Palatki ruin and rock art site sits several miles away from a highway that connects Sedona to Cottonwood. The drive from Sedona takes you down the slope of the Verde Valley, and the turnoff to Palatki guides you through open red dirt desert on an unpaved road back to a group of spectacular Sedona red cliffs. The actual ruin site is in a secluded cove hidden by trees, above a small riparian area created by a ribbon-like waterfall that flows down seasonally from the overhanging cliff above the ancient living quarters.

When we arrived at Palatki, we spent a few minutes appreciating the incredible beauty of the site before making our way to the small ranger station and visitor center, located in an early western farmers house under the shade of some large trees. The whole area has a park like quality, and is a very special place.

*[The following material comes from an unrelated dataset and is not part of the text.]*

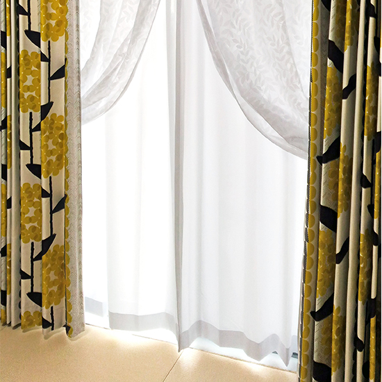 厚地カーテンは<エコロ ジューンフラワー>と<ヴォイクッカ イエロー>、ダブルレースカーテンからは<アルブル グリーン>と<ニウ ホワイト>のお写真をいただきました!
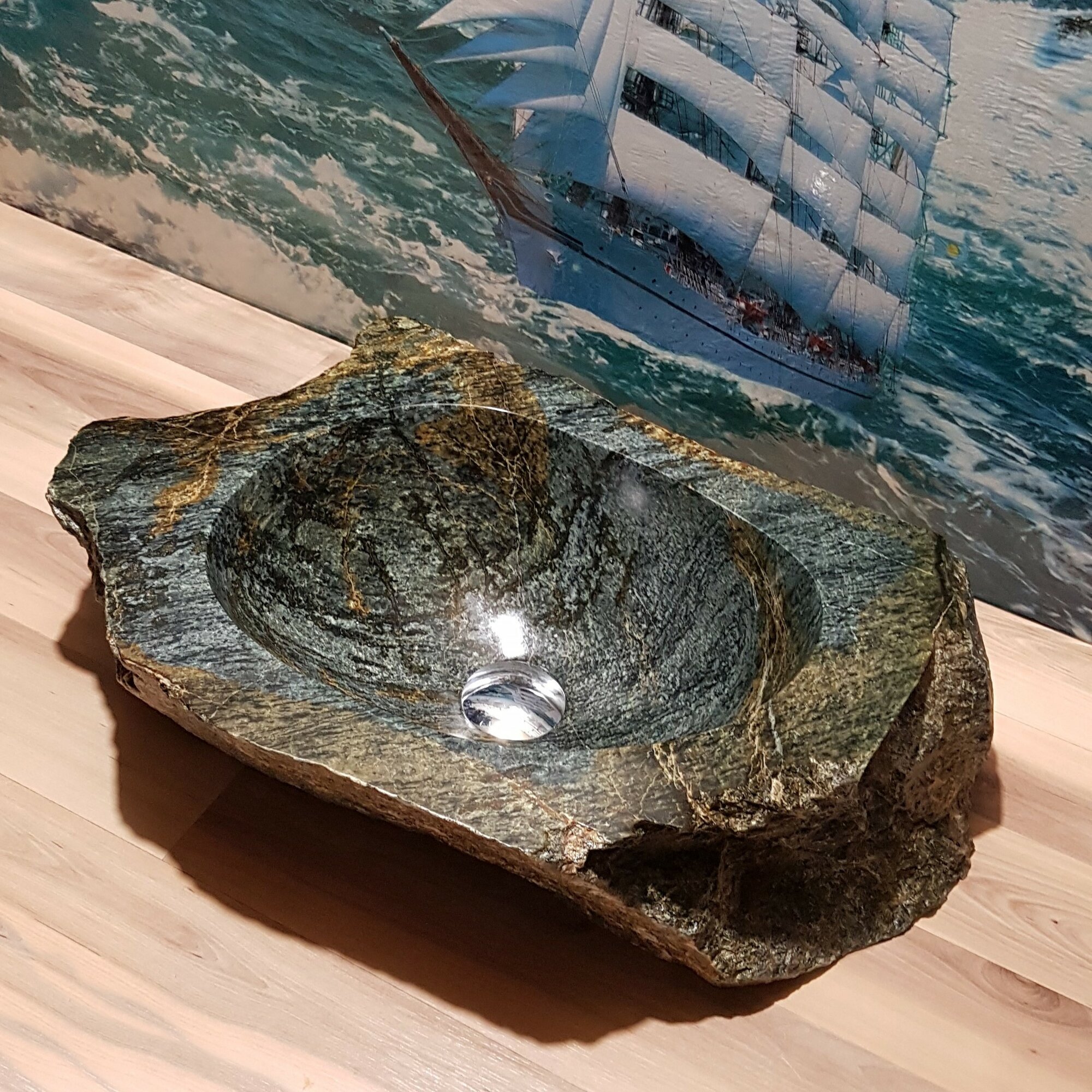 Раковина накладная на столешницу для ванной мойка каменная из натурального /речного/ горного камня Кавказа/45х31х11см

The U.S. Forest Service brochure on Palatki states:

Palatki and its sister site of Honanki at Loy Butte are the two largest cliff dwellings in the Sedona Red Rocks area. Honanki represents one of the largest population centers in the Verde Valley; this period in Southern Sinagua prehistory is called the "Honanki Phase" and is named after this impressive cliff dwelling. Many of the cliff dwellings in the Red Rock/Secret Mountain Wilderness area were occupied during the "Honanki Phase". The actual occupation of Honanki was probably between AD 1130-1280, based upon a tree-ring date of 1271, for a wooden window lintel in the upper ruin, as well as pottery shards. Palatki habitation is dated as AD 1100-1300The pictographs you see here have not yet been scientifically studied. What little we know about them suggests they were created over a long period of time and include several design styles. The earliest may date to the Archaic period (3000-8000 years ago), before the cliff dwellings were constructed. 1

We then started up the rocky trail leading to the picture writings, which are under a protective overhanging cliff, mostly on vertical walls in a series of shallow alcoves or grottoes. I expected to see some very interesting and mystical pictographs, but I never expected to see a particularly amazing written symbol that was actually waiting, painted on the rock, sitting unrecognized over the centuries, hidden in front of the eyes of countless visitors. As we approached the first grotto, this ancient image was directly in front of my eyes and stood out among the other paintings like a flashing sign. As a lifelong artist I have spent many years using artists tools and paintbrushes and I immediately recognized the red markings applied to the rock here as brush strokes. They taper off at the end of each stroke as clearly as brush strokes in calligraphy.

 

The red pictographs-like the example I photographed at Palatki-are estimated to be between 3,000 and 6,000 years old. (explained to me by a ranger at the site)  The pigment is thought to be either iron oxide pigments mixed with blood, red ochre, or iron oxide pigments alone. If we take the Henrietta Mertz date of the 2250 B.C.E. visit above and add it to 2002 (our present date) we come up with a possible visit some 4,252 years ago to Arizona and maybe here at Palatki by ancient Asian travelers!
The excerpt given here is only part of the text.